= Provided material =
- - -

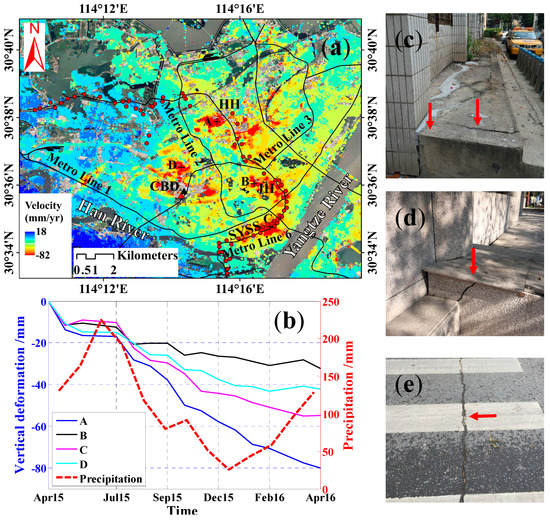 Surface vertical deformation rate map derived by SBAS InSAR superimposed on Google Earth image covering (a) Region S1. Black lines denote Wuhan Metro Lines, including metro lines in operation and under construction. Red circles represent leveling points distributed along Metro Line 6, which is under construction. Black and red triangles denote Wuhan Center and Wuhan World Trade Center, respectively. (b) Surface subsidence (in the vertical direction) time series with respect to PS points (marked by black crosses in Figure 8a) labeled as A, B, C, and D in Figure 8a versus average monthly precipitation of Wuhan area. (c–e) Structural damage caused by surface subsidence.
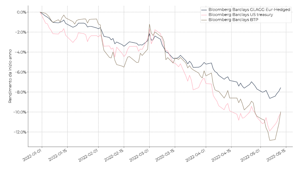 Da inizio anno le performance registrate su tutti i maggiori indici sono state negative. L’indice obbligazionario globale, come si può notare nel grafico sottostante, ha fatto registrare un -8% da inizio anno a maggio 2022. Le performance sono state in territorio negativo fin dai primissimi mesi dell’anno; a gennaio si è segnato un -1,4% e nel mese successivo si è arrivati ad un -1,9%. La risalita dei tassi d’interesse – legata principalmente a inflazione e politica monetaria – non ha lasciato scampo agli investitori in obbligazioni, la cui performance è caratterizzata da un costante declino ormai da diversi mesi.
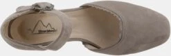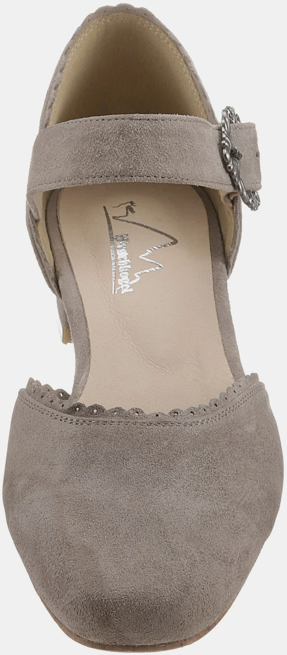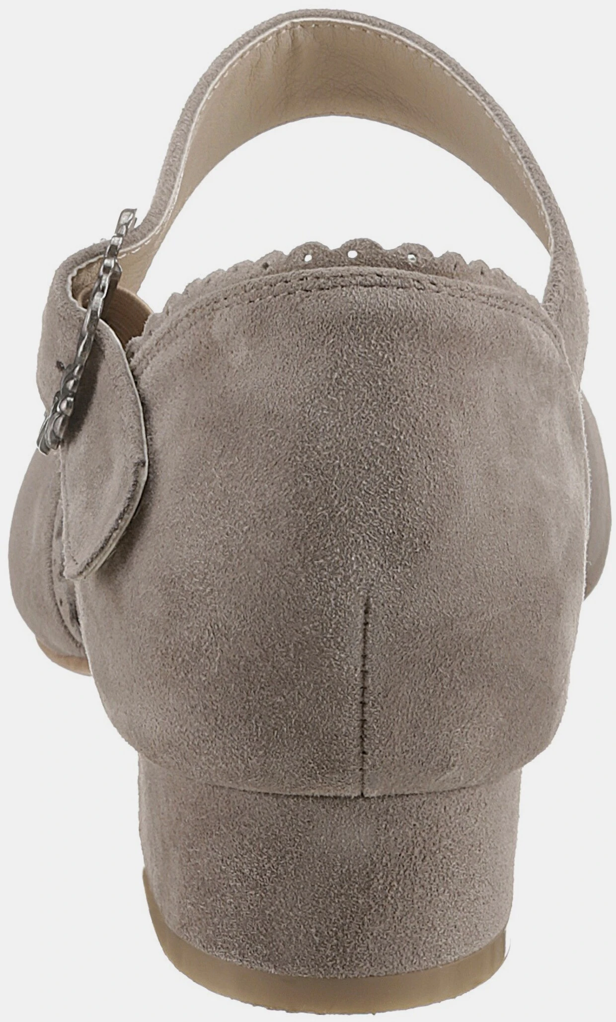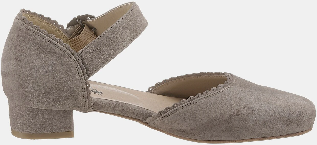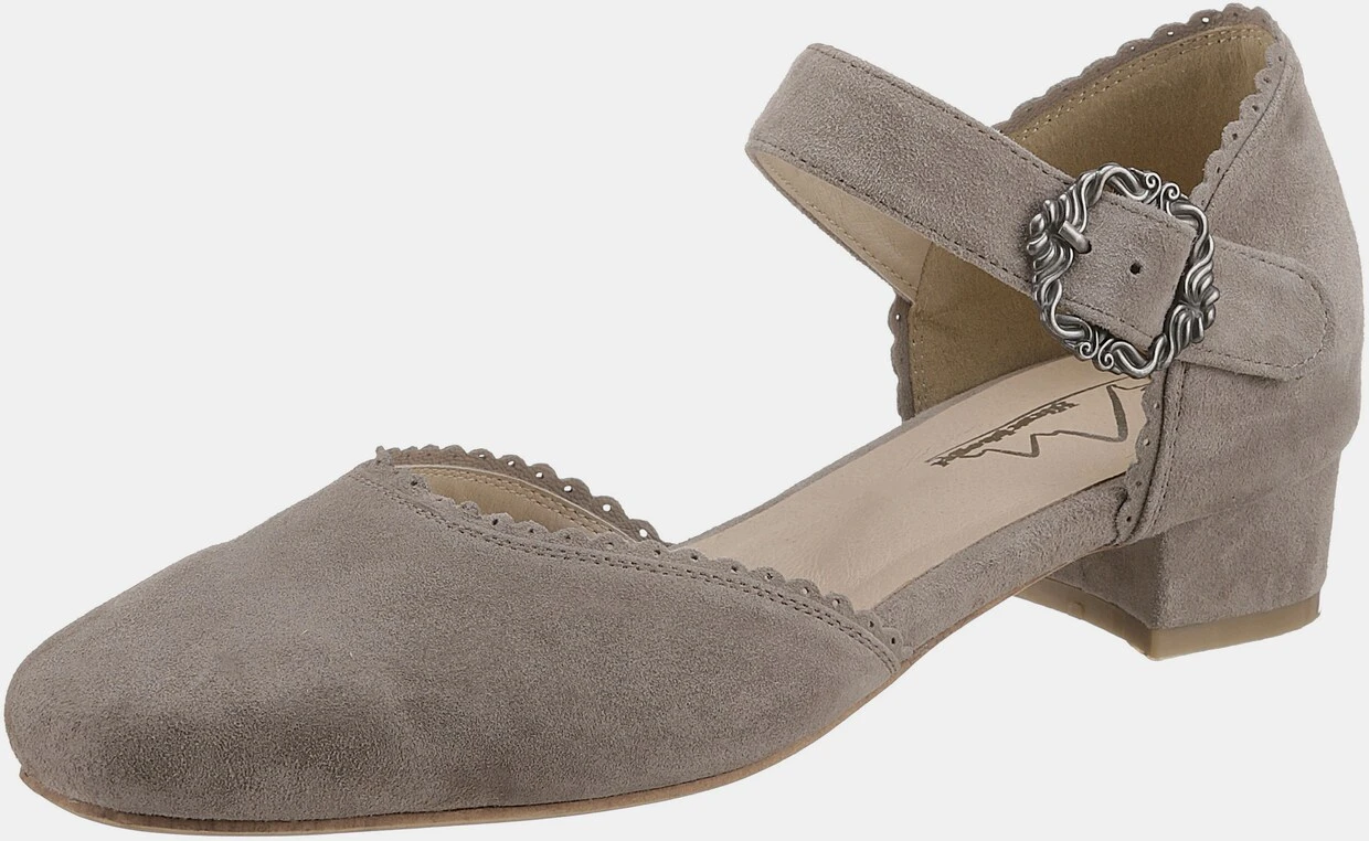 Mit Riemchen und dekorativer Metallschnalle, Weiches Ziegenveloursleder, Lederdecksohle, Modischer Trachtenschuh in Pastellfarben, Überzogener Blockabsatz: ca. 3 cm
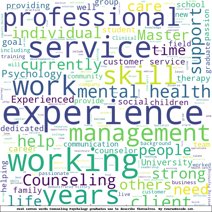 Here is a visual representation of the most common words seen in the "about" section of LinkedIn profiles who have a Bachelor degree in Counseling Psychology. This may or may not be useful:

- - -

= Instructions for the task =
Output exactly the span of lines from the top of the listing through the line holding "Mit Riemchen und", and leave every picture out.

= Reply =
 Surface vertical deformation rate map derived by SBAS InSAR superimposed on Google Earth image covering (a) Region S1. Black lines denote Wuhan Metro Lines, including metro lines in operation and under construction. Red circles represent leveling points distributed along Metro Line 6, which is under construction. Black and red triangles denote Wuhan Center and Wuhan World Trade Center, respectively. (b) Surface subsidence (in the vertical direction) time series with respect to PS points (marked by black crosses in Figure 8a) labeled as A, B, C, and D in Figure 8a versus average monthly precipitation of Wuhan area. (c–e) Structural damage caused by surface subsidence.
 Da inizio anno le performance registrate su tutti i maggiori indici sono state negative. L’indice obbligazionario globale, come si può notare nel grafico sottostante, ha fatto registrare un -8% da inizio anno a maggio 2022. Le performance sono state in territorio negativo fin dai primissimi mesi dell’anno; a gennaio si è segnato un -1,4% e nel mese successivo si è arrivati ad un -1,9%. La risalita dei tassi d’interesse – legata principalmente a inflazione e politica monetaria – non ha lasciato scampo agli investitori in obbligazioni, la cui performance è caratterizzata da un costante declino ormai da diversi mesi.
 Mit Riemchen und dekorativer Metallschnalle, Weiches Ziegenveloursleder, Lederdecksohle, Modischer Trachtenschuh in Pastellfarben, Überzogener Blockabsatz: ca. 3 cm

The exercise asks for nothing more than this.